Though our modern culture's estrangement from the natural world has oft been lamented from many angles, it seems important to consider afresh how losing knowledge of our foods has contributed to this rift. Through history, we can see that what we know (and don't know) about our foods has played a central role in how we perceive ourselves (and fail to perceive ourselves) in the broader context of the natural world.

Understanding this dissonance becomes especially crucial as environmental consequences of large-scale food production become more evident and more troubling.

While urban and suburban eaters have, for the most part, embraced the benefits and convenience of the modern food system and adopted its requisite habit of "looking the other way," a growing number of Americans have recently become more concerned about where and how their foods are produced. Today, interest in local and organic vegetables and meats has burgeoned into a sophisticated revolution, with organic sales growing by 20 percent each year and farmers' markets sprouting up in cities everywhere.

This revolution draws on many motivations and historical tendencies, yet central to them all has been the desire of shoppers, cooks, and eaters to better know the provenance of their foods .By knowing more, these hopeful consumers aspire to both avoid and subvert the harmful aspects of the dominant food system, and -- in the process -- to find better-tasting, healthier fare.

This movement of eaters remains small relative to America's mammoth food economy, but already it has become a promising force toward reforming some of the most egregious excesses of modern industrial agriculture. In the final chapters, I will discuss this emerging trend of consumers striving to bring knowledge and stories of foods back into their kitchens and lives in new ways.

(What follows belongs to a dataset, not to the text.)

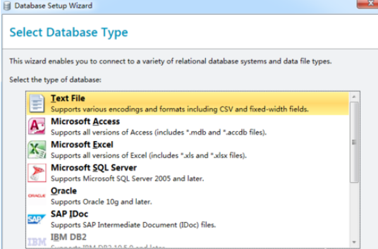 我们需要先打开BarTender软件,点击工具栏上“数据库连接设置“按钮,打开“连接数据库设置向导”对话框;点击第一个数据库类型“文本文档”,单击下一步Next;
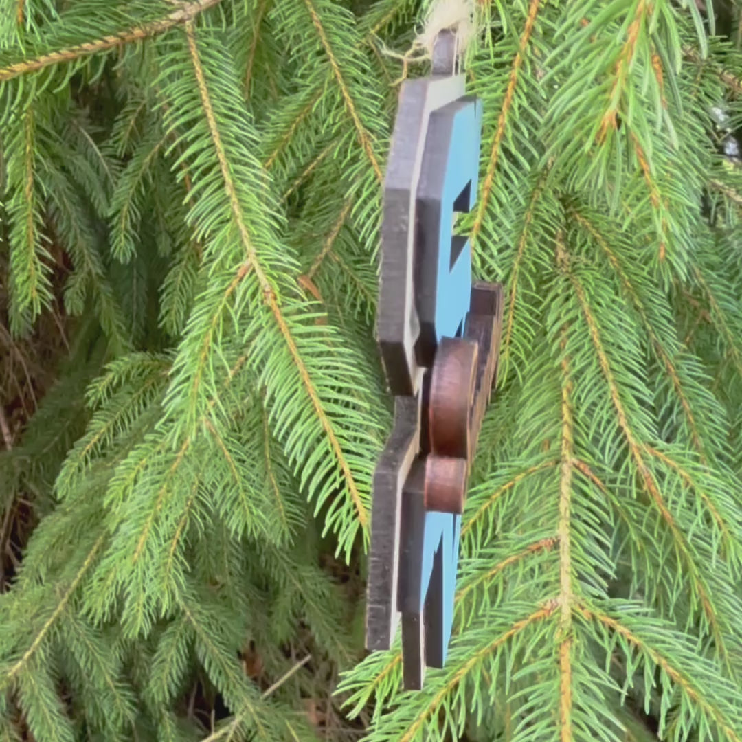 This is a three layer ornament. The back layer is white, the middle layer is a light blue SV and the top layer is "Seneca Valley" cut out of natural wood.

Ultimately, if our market-driven society is to build a healthier food system, we as consumers will need to recognize how our everyday choices affect the larger environment and, then, to forge a new and influential role for ourselves. In an age when farms and factories of food production seem impossibly remote from our dinner plates, history can sharpen our outlook with its perspective and its ironies, and remind us of the opportunity for change.